Join GitHub today
mempool lock can cause induce adversarial large delay in block reap functions #2972
Currently the mempool places a mutex lock on every CheckTx (https://github.com/tendermint/tendermint/blob/master/mempool/mempool.go#L300), and Reap (https://github.com/tendermint/tendermint/blob/master/mempool/mempool.go#L467).
However reap has no prioritization in selection once the lock is free. There will be contention between all queued check tx processes and the queued reap process. There can be a large number of queued CheckTx processes. In the cosmos-sdk, tendermint is ran in process, and CheckTx's happen synchronously. So the CheckTx mutex lock will not unlock until this computation (i.e. signature verification) is complete. Secp256k1 in the golang implementation takes ~250 microseconds to verify a signature. Since a cosmos tx can be made at ~150 bytes such that signature verification would get ran, this implies that a 1 MBit/s line would allow an adversary to cause 218 ms of verification time in txs to the validator, per second. Linearly scaling the connections throughput to 10 Mbit/s implies 2.18 seconds of delay induced per second. (This is assuming that exponential back-off on the mutexes doesn't further increase the time) Note that the attacker can keep scaling the amount of txs they send with network throughput, since the check for mempool already being full happens after the mutex lock.

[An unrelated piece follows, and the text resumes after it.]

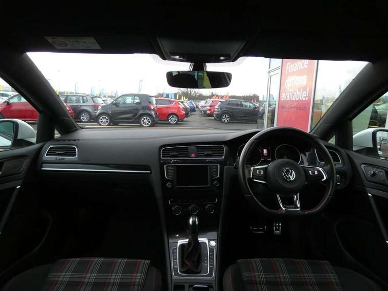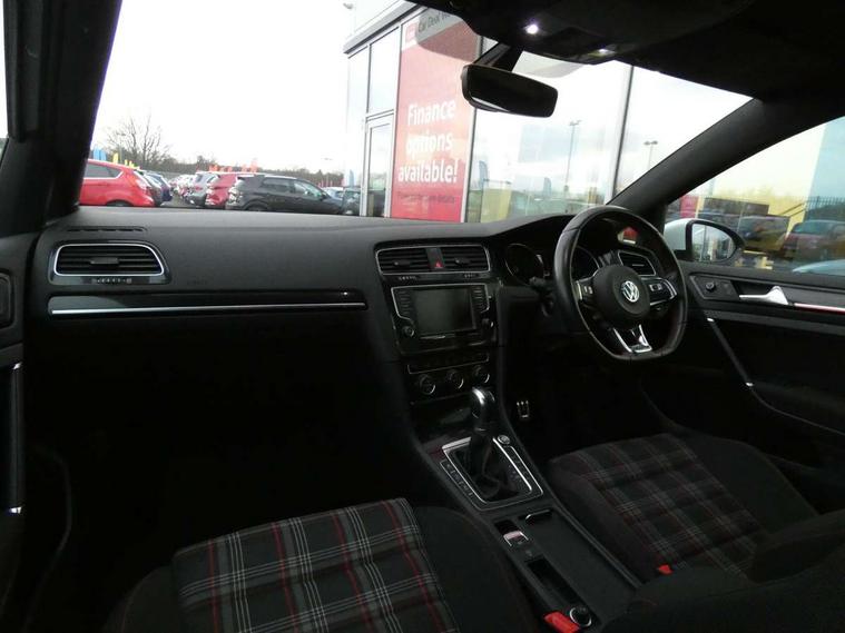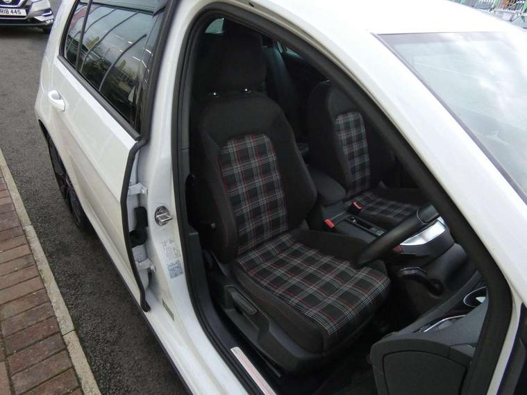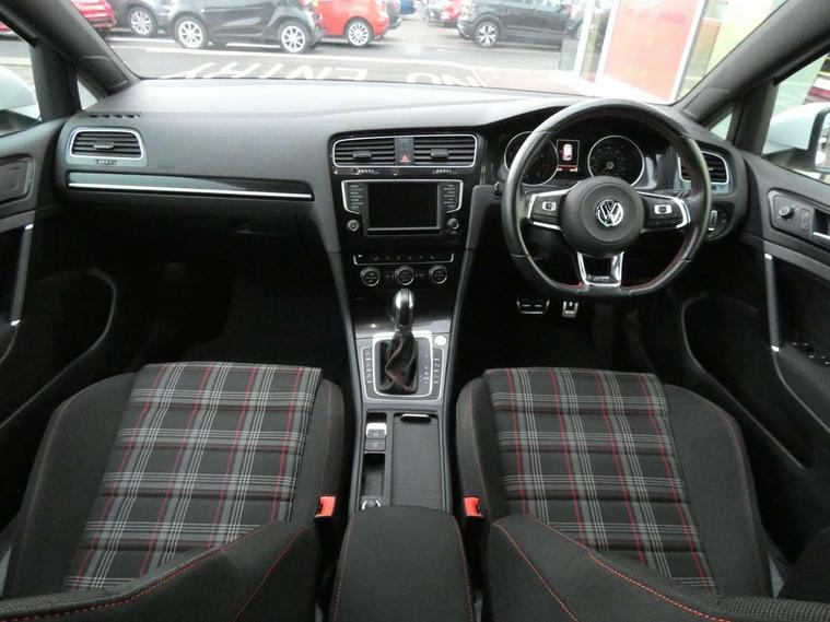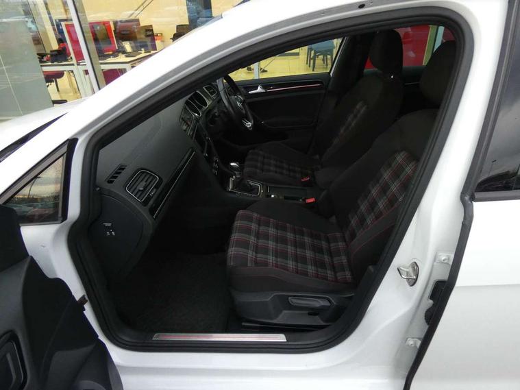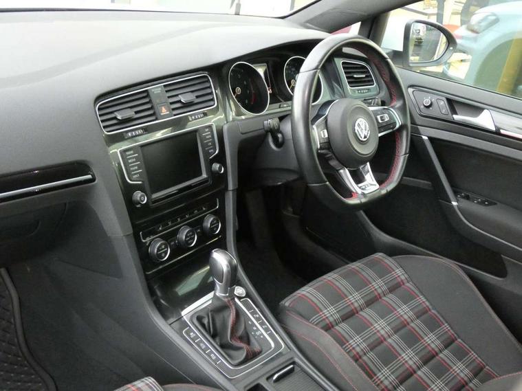 'Lights On' Reminder warning buzzer, ACC - Adaptive cruise control with front assist, forward collision warning, distance monitoring, city emergency brake and speed limiter, Bluetooth Telephone preparation, Brake pad wear indicator warning light, Driver alert system, Driver profile selection, Exterior temperature gauge, Flat tyre indicator, Instrument cluster in white, Low fuel level warning light, Multi function display colour screen, Multifunction computer, Oil level gauge, Progressive power assisted steering, Rev counter, Trip and service interval display, Ultrasonic front and rear optical and audible parking sensors, Warning buzzer and light for front seatbelts unfastened, Limited slip differential, Lowered sports suspension, CD/MP3/WMA, USB and SD card reader, aux-in, Composition media system, DAB Digital radio, MDI with USB/iPod connection cables, Auto dimming rear view mirror, Automatic coming/leaving home lighting function, Automatic headlights, Bi-xenon headlights/wash + dynamic cornering lights + LED daytime running lights, Body colour bumpers, Body colour door handles, Body colour door mirrors with integral indicators, Cherry red rear light cluster, Chrome trimmed front air intake surrounds, Dusk sensor + auto driving lights, Electric folding door mirrors with puddle lamps, Electric front windows, Electric rear windows, Electrically adjustable and heated door mirrors, Flared body colour side sills, Heated rear windscreen, Honeycomb radiator grille - black, LED front fog lights, LED rear lights, Rain sensor, Range adjustable headlights, Rear diffuser, Rear roof spoiler, Rear windscreen washer and wiper with interval delay, Red radiator grille louvres, Reverse activated kerb-view adjustment on passenger's door mirror, Twin chrome exhaust tailpipes, Windscreen wipers/ intermittent wipe + 4 position delay, 12V socket in luggage compartment, 3 rear headrests, 3 spoke steering wheel, 60/40 split folding rear seat, Adjustable dashboard illumination, Air conditioning - 2 zone electronic climate control, Ambient lighting, Bag hook in luggage compartment, Black headlining, Boot lashing points, Chrome-plated electric mirror adjustment switch surround, Chrome-plated electric window button surround, Courtesy light delay, Cover for storage compartment in centre, Driver/front passenger seat height adjustment, Dust/pollen filter, Front + rear carpet mats, Front centre armrest with storage box and rear air vents, Front footwell illumination, Front seat back storage pockets, Gearshift paddles, Grab handles, Height/reach adjust steering wheel, Illuminated door sills, Illuminated vanity mirrors, Isofix preparation for 2 rear child seats, LED reading lights, Load through provision with rear centre armrest and cupholders x2, Lockable, illuminated, cooled glovebox, Luggage compartment cover, Luggage compartment lighting, Multifunction leather steering wheel with leather gear knob/handbrake grip, Passenger underseat drawer, Stainless steel pedals, Storage box in luggage compartment, Storage compartments in doors, Variable boot floor, height adjustable and removable, White adjustable panel illumination, Winter pack - Golf, 3 point height adj front seatbelts + pretensioners, 3 rear 3 point seatbelts, ABS, Automatic post collision braking, Child locks on rear doors, Door open warning reflectors, Driver/Front Passenger airbags, Driver/Passenger whiplash optimised head restraints, Drivers knee airbag, Electronic parking brake with auto hold, Electronic tyre pressure monitoring, ESP with EDL + ASR, Front and rear curtain airbags, Front passenger airbag deactivation, Front side airbags, Fuel cut off safety device, Hydraulic Brake Assist (HBA), Pre crash system, Red brake calipers, Warning triangle and first aid kit holder, Alarm with interior protection, Anti-theft wheel bolts, Electronic engine immobiliser, Keyless entry, Keyless Start, Remote central locking with 2 remote folding keys, Chrome air vent surrounds, Chrome-plated light switch surround, Cyclone decorative inserts, Gloss black decorative inserts in centre console, Steel space saver spare wheel,

Supposing no new check tx contentions were made, since the reap process has no prioritization over CheckTxs, one would expect it to occur around the halfway mark. (So with 1 seconds worth of induced validator delay, this could be delayed by 1.09 seconds) However the attacker would continue their check tx spam, further increasing this bound.* Additionally, the newer check txs will have faster "refresh rates", since their exponential back-off is smaller, whereas the reap's refresh rate will have become longer. Thus this further increases the delay.
Currently the maximum mempool size was decreased to mitigate also large delays on rechecking within Update. We don't check the maximum mempool size before locking, we should do so. Then the attackers power no longer scales with their internet connection to you, it is blocked by your mempool size plus the number of txs you already have. This is still highly applicable, since a small mempool size of
Making the check txs actually asyncronous such that the mempool doesn't lock over its execution time would remove this problem, however the delays that may induce in normal execution may not be worth it.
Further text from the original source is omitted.